_WHAT YOU HAVE TO DO_.
How do the lines below between the ones holding "Anime-style digital drawing" and "TOTO250A-250A汽", inclusive, read? Give them again exactly, with no other lines.

_SOURCE MATERIAL_.
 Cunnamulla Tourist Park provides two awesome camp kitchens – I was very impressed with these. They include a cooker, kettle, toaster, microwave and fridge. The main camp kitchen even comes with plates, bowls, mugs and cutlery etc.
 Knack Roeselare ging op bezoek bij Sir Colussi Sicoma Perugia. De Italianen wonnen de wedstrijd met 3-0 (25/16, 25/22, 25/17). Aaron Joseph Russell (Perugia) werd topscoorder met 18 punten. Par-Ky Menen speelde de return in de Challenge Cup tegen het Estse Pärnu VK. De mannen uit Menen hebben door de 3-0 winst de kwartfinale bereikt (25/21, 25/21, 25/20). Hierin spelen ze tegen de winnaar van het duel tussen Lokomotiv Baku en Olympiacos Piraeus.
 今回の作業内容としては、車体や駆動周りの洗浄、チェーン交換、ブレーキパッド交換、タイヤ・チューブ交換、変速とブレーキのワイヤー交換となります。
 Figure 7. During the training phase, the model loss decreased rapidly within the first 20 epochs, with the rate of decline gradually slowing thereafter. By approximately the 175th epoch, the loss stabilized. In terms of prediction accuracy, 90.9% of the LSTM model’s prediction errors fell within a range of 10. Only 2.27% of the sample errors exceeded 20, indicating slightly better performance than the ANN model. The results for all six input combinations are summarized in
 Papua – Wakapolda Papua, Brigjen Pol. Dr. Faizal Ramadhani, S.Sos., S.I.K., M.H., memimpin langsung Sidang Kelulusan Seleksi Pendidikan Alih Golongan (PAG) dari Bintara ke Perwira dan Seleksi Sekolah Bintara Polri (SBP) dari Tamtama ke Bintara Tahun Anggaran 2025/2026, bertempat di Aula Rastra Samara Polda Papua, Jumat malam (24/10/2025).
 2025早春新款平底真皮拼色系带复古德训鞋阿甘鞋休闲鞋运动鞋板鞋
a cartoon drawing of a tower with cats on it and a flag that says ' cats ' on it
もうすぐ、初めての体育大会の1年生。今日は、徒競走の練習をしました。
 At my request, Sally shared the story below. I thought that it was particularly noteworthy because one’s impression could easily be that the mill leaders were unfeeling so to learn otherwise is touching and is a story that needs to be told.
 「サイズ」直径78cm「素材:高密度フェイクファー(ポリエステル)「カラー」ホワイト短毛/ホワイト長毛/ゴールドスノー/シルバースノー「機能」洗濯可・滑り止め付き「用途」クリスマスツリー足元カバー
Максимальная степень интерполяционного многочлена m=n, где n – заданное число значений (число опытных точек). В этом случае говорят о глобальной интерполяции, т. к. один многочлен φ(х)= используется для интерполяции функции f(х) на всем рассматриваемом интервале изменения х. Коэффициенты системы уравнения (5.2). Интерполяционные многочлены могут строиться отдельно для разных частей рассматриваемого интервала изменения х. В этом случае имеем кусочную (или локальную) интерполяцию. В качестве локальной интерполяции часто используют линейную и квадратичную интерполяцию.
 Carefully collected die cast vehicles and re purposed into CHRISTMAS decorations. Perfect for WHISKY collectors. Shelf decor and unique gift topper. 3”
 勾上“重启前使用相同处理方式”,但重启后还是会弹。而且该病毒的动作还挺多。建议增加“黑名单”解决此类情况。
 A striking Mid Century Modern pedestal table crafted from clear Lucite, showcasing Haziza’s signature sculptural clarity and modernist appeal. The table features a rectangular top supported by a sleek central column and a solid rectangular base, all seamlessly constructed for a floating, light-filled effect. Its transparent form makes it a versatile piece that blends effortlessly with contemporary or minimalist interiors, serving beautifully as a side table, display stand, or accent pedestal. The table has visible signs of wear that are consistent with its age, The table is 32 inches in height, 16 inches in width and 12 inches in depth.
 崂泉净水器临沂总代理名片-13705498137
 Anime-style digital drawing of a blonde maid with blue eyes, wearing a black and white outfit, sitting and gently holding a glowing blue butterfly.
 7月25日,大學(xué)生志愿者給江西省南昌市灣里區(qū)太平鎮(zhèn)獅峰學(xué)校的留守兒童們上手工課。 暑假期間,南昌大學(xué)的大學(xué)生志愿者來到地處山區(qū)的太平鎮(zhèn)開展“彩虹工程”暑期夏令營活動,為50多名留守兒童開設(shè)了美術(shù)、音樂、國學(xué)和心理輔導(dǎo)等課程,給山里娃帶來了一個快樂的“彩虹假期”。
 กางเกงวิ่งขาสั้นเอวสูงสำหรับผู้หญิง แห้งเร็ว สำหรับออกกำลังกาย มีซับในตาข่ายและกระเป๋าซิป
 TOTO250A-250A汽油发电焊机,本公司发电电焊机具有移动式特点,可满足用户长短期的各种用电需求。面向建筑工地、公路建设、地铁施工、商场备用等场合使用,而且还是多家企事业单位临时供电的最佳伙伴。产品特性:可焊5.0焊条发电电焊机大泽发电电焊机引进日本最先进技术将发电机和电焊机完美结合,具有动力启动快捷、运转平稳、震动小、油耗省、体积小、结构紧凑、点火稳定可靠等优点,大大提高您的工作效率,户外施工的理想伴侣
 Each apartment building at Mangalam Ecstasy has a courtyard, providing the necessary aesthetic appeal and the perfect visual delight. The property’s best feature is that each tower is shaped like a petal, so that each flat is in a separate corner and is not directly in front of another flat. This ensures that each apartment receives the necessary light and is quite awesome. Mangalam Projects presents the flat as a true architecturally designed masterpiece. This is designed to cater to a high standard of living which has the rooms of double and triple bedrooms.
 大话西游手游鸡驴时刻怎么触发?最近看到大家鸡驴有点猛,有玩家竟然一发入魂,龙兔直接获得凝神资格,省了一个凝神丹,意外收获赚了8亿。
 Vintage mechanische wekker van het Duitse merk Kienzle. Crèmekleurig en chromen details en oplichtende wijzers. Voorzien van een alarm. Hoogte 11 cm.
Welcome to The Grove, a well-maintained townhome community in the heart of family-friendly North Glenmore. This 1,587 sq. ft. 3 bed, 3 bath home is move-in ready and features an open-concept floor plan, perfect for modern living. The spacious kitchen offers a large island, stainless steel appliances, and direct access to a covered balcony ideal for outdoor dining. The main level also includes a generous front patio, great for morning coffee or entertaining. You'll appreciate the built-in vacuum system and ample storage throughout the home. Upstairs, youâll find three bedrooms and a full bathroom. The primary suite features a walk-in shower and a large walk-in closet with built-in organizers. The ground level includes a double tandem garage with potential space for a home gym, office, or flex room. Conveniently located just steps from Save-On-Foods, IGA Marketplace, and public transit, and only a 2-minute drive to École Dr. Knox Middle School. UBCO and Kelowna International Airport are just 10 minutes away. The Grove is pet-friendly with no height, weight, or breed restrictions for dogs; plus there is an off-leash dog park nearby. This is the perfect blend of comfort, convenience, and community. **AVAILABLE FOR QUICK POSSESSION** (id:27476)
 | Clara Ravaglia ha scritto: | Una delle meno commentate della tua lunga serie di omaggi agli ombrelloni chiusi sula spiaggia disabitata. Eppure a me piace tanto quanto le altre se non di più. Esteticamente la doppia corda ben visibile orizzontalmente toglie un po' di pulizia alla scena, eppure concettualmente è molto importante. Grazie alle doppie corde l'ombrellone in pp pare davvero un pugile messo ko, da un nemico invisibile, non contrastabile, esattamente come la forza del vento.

_OUTPUT_.
 Anime-style digital drawing of a blonde maid with blue eyes, wearing a black and white outfit, sitting and gently holding a glowing blue butterfly.
 7月25日,大學(xué)生志愿者給江西省南昌市灣里區(qū)太平鎮(zhèn)獅峰學(xué)校的留守兒童們上手工課。 暑假期間,南昌大學(xué)的大學(xué)生志愿者來到地處山區(qū)的太平鎮(zhèn)開展“彩虹工程”暑期夏令營活動,為50多名留守兒童開設(shè)了美術(shù)、音樂、國學(xué)和心理輔導(dǎo)等課程,給山里娃帶來了一個快樂的“彩虹假期”。
 กางเกงวิ่งขาสั้นเอวสูงสำหรับผู้หญิง แห้งเร็ว สำหรับออกกำลังกาย มีซับในตาข่ายและกระเป๋าซิป
 TOTO250A-250A汽油发电焊机,本公司发电电焊机具有移动式特点,可满足用户长短期的各种用电需求。面向建筑工地、公路建设、地铁施工、商场备用等场合使用,而且还是多家企事业单位临时供电的最佳伙伴。产品特性:可焊5.0焊条发电电焊机大泽发电电焊机引进日本最先进技术将发电机和电焊机完美结合,具有动力启动快捷、运转平稳、震动小、油耗省、体积小、结构紧凑、点火稳定可靠等优点,大大提高您的工作效率,户外施工的理想伴侣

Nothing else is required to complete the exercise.